### Dataset records
┌──

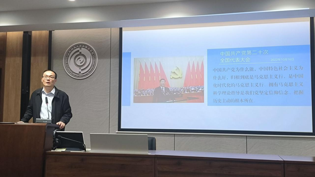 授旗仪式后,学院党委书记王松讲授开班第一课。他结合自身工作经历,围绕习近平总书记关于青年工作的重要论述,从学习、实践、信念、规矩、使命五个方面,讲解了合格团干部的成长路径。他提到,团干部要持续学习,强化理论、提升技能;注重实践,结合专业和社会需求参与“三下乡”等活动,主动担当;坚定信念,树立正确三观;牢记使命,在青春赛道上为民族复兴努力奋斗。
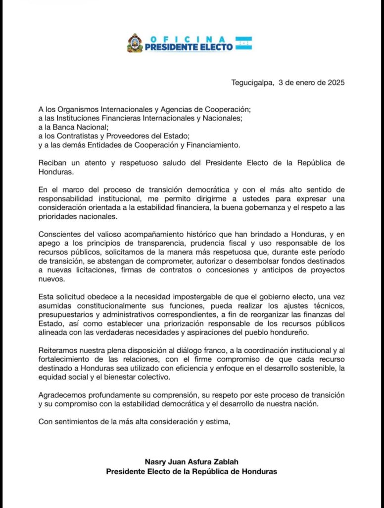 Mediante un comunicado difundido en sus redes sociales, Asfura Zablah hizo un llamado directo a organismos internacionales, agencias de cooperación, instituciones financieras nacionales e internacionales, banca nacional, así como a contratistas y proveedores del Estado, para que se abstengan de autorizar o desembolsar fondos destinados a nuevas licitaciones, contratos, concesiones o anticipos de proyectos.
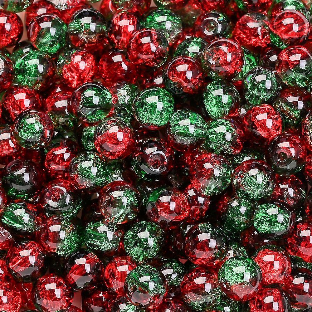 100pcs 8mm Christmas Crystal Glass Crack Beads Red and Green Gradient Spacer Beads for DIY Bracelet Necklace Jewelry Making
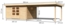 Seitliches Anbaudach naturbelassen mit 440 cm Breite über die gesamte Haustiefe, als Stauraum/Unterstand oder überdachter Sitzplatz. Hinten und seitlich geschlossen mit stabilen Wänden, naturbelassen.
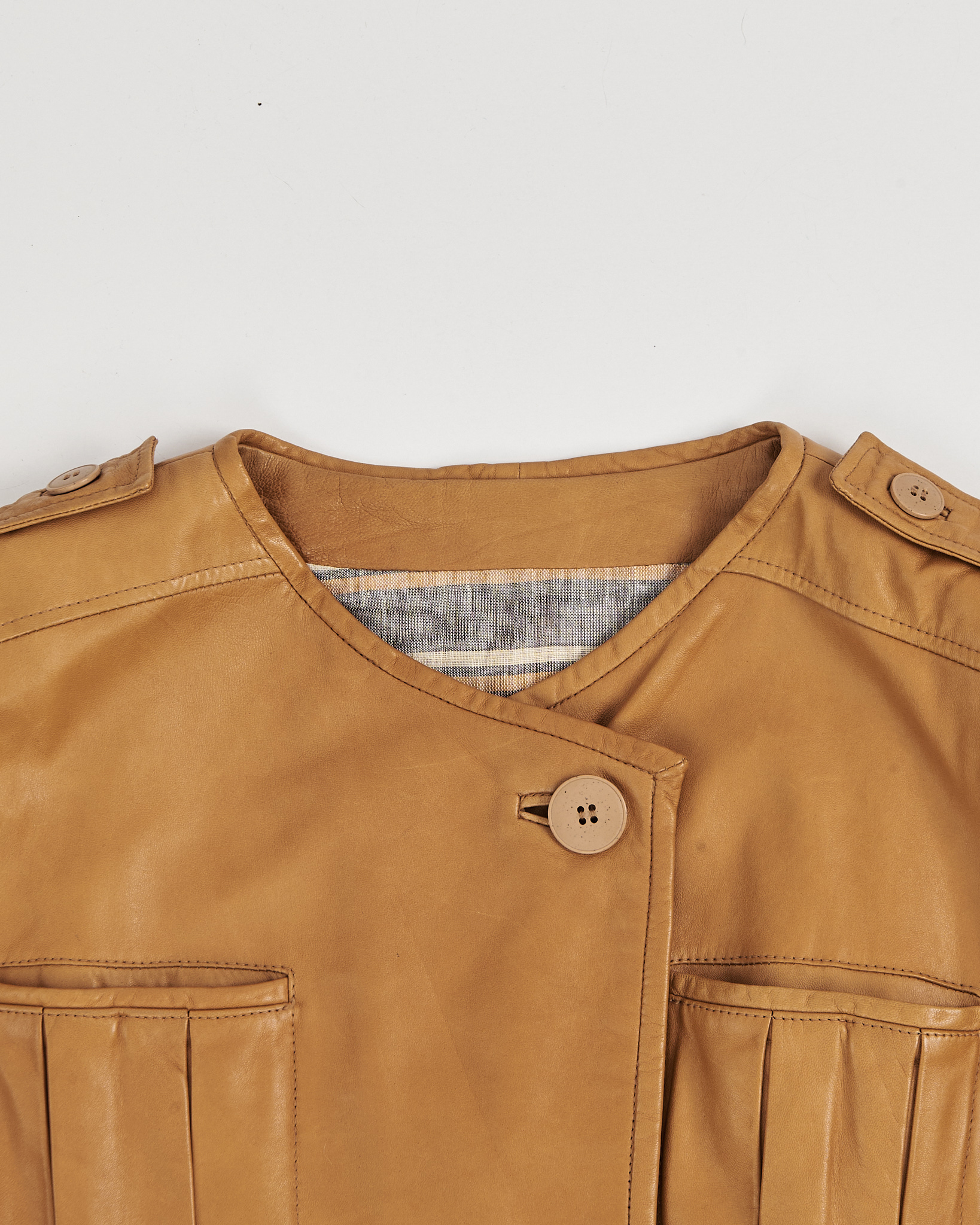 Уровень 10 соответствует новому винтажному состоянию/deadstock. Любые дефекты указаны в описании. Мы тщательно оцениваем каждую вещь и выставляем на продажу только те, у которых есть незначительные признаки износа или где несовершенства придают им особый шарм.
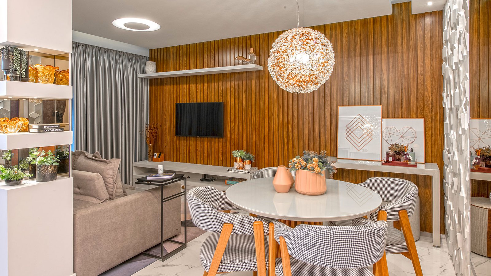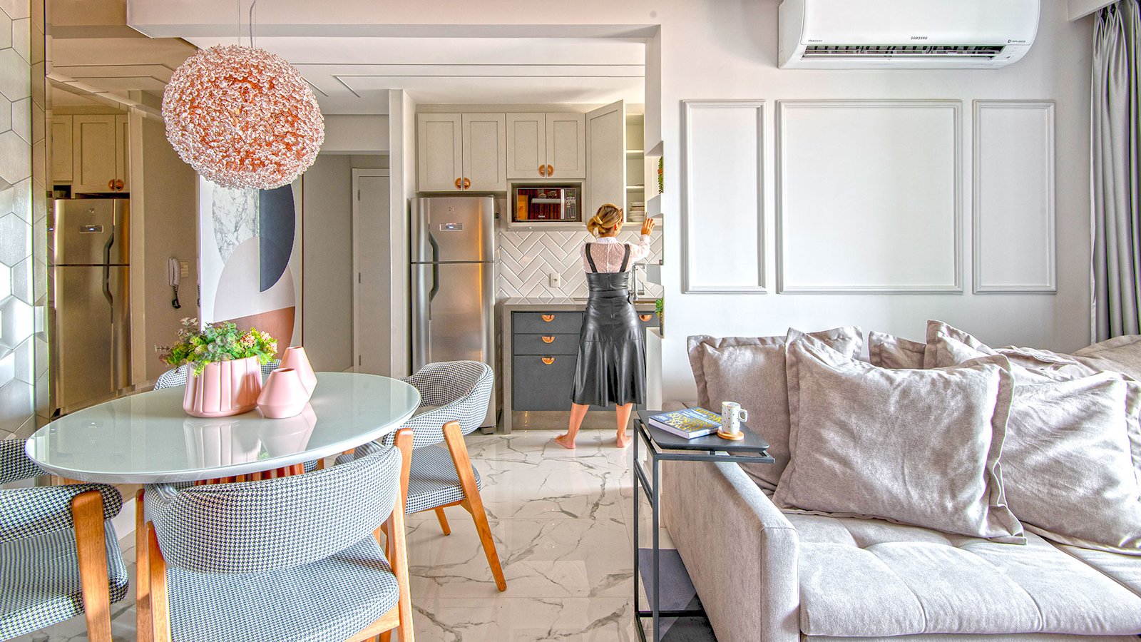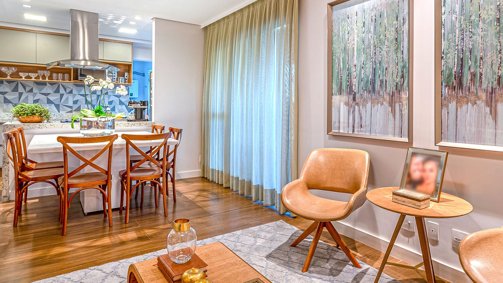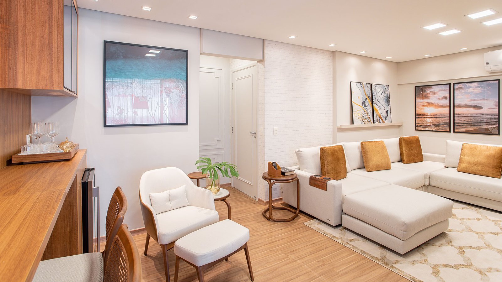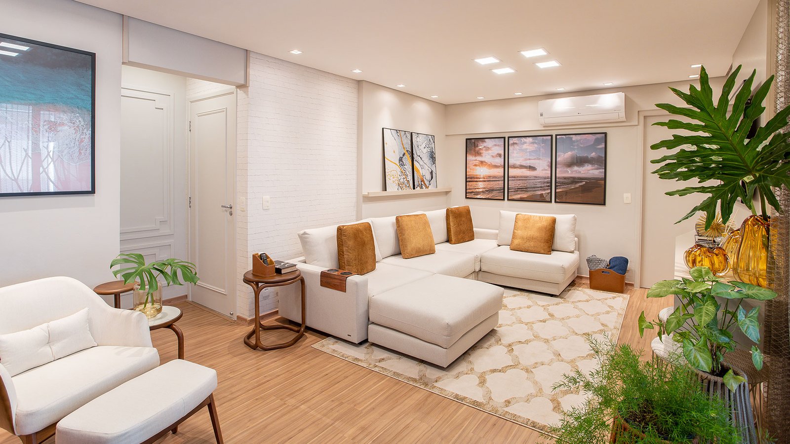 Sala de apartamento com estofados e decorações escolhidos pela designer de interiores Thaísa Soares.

└──

Write out all of the records above. Keep them exact and leave out the pictures.

### Response to the exercise
 授旗仪式后,学院党委书记王松讲授开班第一课。他结合自身工作经历,围绕习近平总书记关于青年工作的重要论述,从学习、实践、信念、规矩、使命五个方面,讲解了合格团干部的成长路径。他提到,团干部要持续学习,强化理论、提升技能;注重实践,结合专业和社会需求参与“三下乡”等活动,主动担当;坚定信念,树立正确三观;牢记使命,在青春赛道上为民族复兴努力奋斗。
 Mediante un comunicado difundido en sus redes sociales, Asfura Zablah hizo un llamado directo a organismos internacionales, agencias de cooperación, instituciones financieras nacionales e internacionales, banca nacional, así como a contratistas y proveedores del Estado, para que se abstengan de autorizar o desembolsar fondos destinados a nuevas licitaciones, contratos, concesiones o anticipos de proyectos.
 100pcs 8mm Christmas Crystal Glass Crack Beads Red and Green Gradient Spacer Beads for DIY Bracelet Necklace Jewelry Making
 Seitliches Anbaudach naturbelassen mit 440 cm Breite über die gesamte Haustiefe, als Stauraum/Unterstand oder überdachter Sitzplatz. Hinten und seitlich geschlossen mit stabilen Wänden, naturbelassen.
 Уровень 10 соответствует новому винтажному состоянию/deadstock. Любые дефекты указаны в описании. Мы тщательно оцениваем каждую вещь и выставляем на продажу только те, у которых есть незначительные признаки износа или где несовершенства придают им особый шарм.
 Sala de apartamento com estofados e decorações escolhidos pela designer de interiores Thaísa Soares.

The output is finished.